Dean Michael Ornish (born July 16, 1953) is an American physician and researcher. He is the president and founder of the nonprofit Preventive Medicine Research Institute in Sausalito, California, and a clinical professor of medicine at the University of California, San Francisco. The author of Dr. Dean Ornish's Program for Reversing Heart Disease, Eat More, Weigh Less and The Spectrum, he advocates for diet and lifestyle changes he believes can treat and prevent heart disease.

== Personal life ==
Ornish was born on July 16, 1953, in Dallas, Texas. He is of Jewish heritage. After graduating from Dallas's Hillcrest High School, he studied humanities at the University of Texas at Austin, graduating in 1975 with a Bachelor of Arts, summa cum laude, as the school's valedictorian. He attended medical school at the Baylor College of Medicine, graduating in 1980 with a Doctor of Medicine degree. He completed a medical internship and residency at Massachusetts General Hospital (1981–1984), and was a Clinical Fellow in Medicine at Harvard Medical School.

== Career ==
Ornish takes a lifestyle-driven approach to the control of coronary artery disease (CAD) and other chronic diseases. He promotes lifestyle changes including a quasi whole foods, plant-based diet, smoking cessation, moderate exercise, stress management techniques including yoga and meditation, and psychosocial support. While Ornish promotes a Plant-based diet, he does not advocate for a strictly vegan diet as his program allows for the occasional consumption of other animal products.

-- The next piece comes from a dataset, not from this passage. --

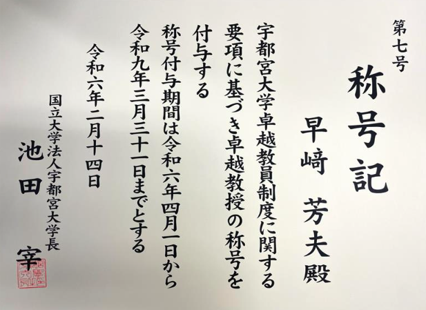 早崎教授と山本教授が,卓越教員称号を付与されました.おめでとうございます.
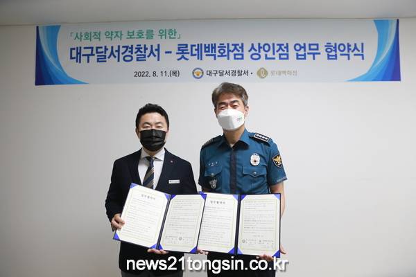 (뉴스21통신) 박창남기자 = 대구달서경찰서(서장 박만우)는 지난 8월 11일 롯데백화점 상인점(점장 박찬욱)과 사회적 약자 보호를 위한 업무협약식을 개최했다고 밝혔다.

His interest in vegetarian diets began as a college student when he first met Indian yoga guru and religious teacher Swami Satchidananda Saraswati. Satchidananda advocated a vegetarian diet for its health, ecological, and spiritual benefits. He established the first vegetarian health food store in New York City, in 1972. Satchidananda inspired Ornish's dietary research. In 1986, Ornish wrote the foreword of Satchidananda's vegetarian cookbook, The Healthy Vegetarian. Ornish's interactions with Satchidananda eventually led to decades of research beginning in the 1980s on the impact of diet and stress levels on people with heart disease. This research, published in peer-reviewed journals, became the basis of his "Program for Reversing Heart Disease". It combined diet, meditation, exercise and support groups, and in 1993 became the first non-surgical, non-pharmaceutical therapy for heart disease to qualify for insurance reimbursement. With the exception of chiropractic care, it was the first alternative medical technique, not taught in traditional medical-school curricula, to gain approval by a major insurance carrier.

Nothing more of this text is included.